I’m off on a road trip round the States in June. In preparation I’ve been re-reading Zen and the Art of Motorcycle Maintenance for the first time since I’ve started doing a lot of ‘technical copywriting’.
That introduction suggests several questions which I’ll answer straight away:
I’m not crossing America on a Harley or any other type of bike
Zen… is about a technical copywriter on a bike trip. Along the way he tries to rid himself of Phaedrus (the ego of his former mentally-ill self) and pontificates generally on the relationship between technology and beauty
Technical copywriting involves writing all the formal stuff that isn’t glamorous but is important to get right e.g. instructions, user manuals, legal babble etc. etc. Stuff like this.
I’ve obviously got more of an interest in technical writing than I had when I read the book the first time so I’ve been keen to hear what Zen has to say. One bit has particularly struck me so far. The book’s narrator remarks that some bike owners – such as himself – take pride in maintaining their bike and become actively involved in learning how it works. Others – such as his friend John – refuse to take any interest at all and instead pay a mechanic to do a half-arsed job. He says the second group have a ‘spectator attitude.’ “Writing and editing technical manuals is what I do for a living … I knew they were full of errors, ambiguities, omissions and information so screwed up you had to read them six times to make any sense out of them.

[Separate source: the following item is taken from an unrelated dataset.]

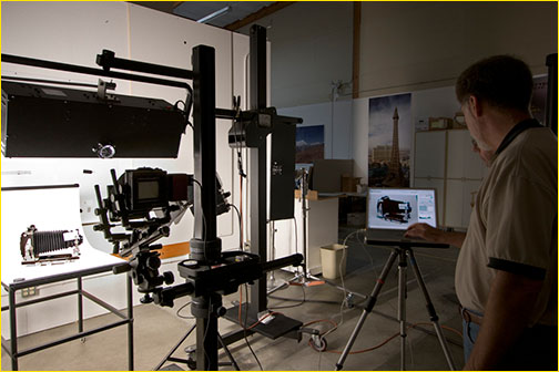 That said, here’s what we did. I had discovered in my initial conversation with Mike Collette that he was a proud owner of an Ebony SV45U2 view camera. I’m also an Ebony user and a professional spokesperson for the company in the U. S. Since we had Ebony cameras in common, I invited Ian Wilson, the import agent for Ebony and (conveniently) a San Francisco resident, to join me for the day. Once we decided to shoot something in the studio, Ian immediately suggested that we photograph Mike’s camera. I felt it would be a good subject for a test of this type—the camera and lens had intricately detailed markings, extreme values from the black bellows to the bright titanium components, and very subtle color and grain in the Ebony wood. Having chosen a subject, we then proceeded to set up a typical product photograph. The lights were continuous source HID (for obvious reasons strobes don’t work with scanning backs). The taking camera was a Cambo Legend with a 180 Apo-Symmar f5.6 lens. This set-up was tethered to my G4 Powerbook. At Mike’s suggestion we shot with Better Light’s Super 6K-HS back. As previously indicated, this is Better Light’s most popular scanning back. Its popularity derives from its balance between reasonably high resolution and reasonably short scan times. The higher the resolution of the scan back, the longer the scan time. The Super 6K-HS has a native resolution of 6000 x 8000 pixels and retails for $14,995.

“But what struck me for the first time was their [the manuals’] agreement with the spectator attitude I had seen in the shop. These were spectator manuals … Implicit in every line is the idea that ‘Here is the machine, isolated in space and time. It has no relationship to you, you have no relationship to it.'”
I’m not sure quite how much attention I should pay to this. People who build a relationship with their technology are all over the internet – Google ‘Apple help forum’ and you’ll see what I mean. But there also needs to be a place for a (probably larger) group who don’t want anything to do with their circuit board.
Zen’s narrator seems to think that though technical writing should cater for these ‘spectators’ it should also be able to impart an understanding along the way. So instead of just writing “Select Organizer” you might write: “Select Organizer. This is where you can change your phone’s calendar and alarms.”
Whether this is what people want when they’re wading through a 35-step guide to setting up a video call is debatable. Though it may be more Zen-like to understand exactly how our machines work, many non-technophobes have neither the time nor inclination to spend hours getting close and personal with their mobile phone.
But as machines get increasingly technical this basic level of understanding may become vital in saving the user time. After all, computer experts rarely follow a process from start to finish but instead jump straight in at the important bit. If users don’t have the understanding to jump in then they may soon lose the ability to use technology effectively.
I’m not sure what the answer is. But I guess I’ll have plenty of time to think about it on the inter-states of the USA.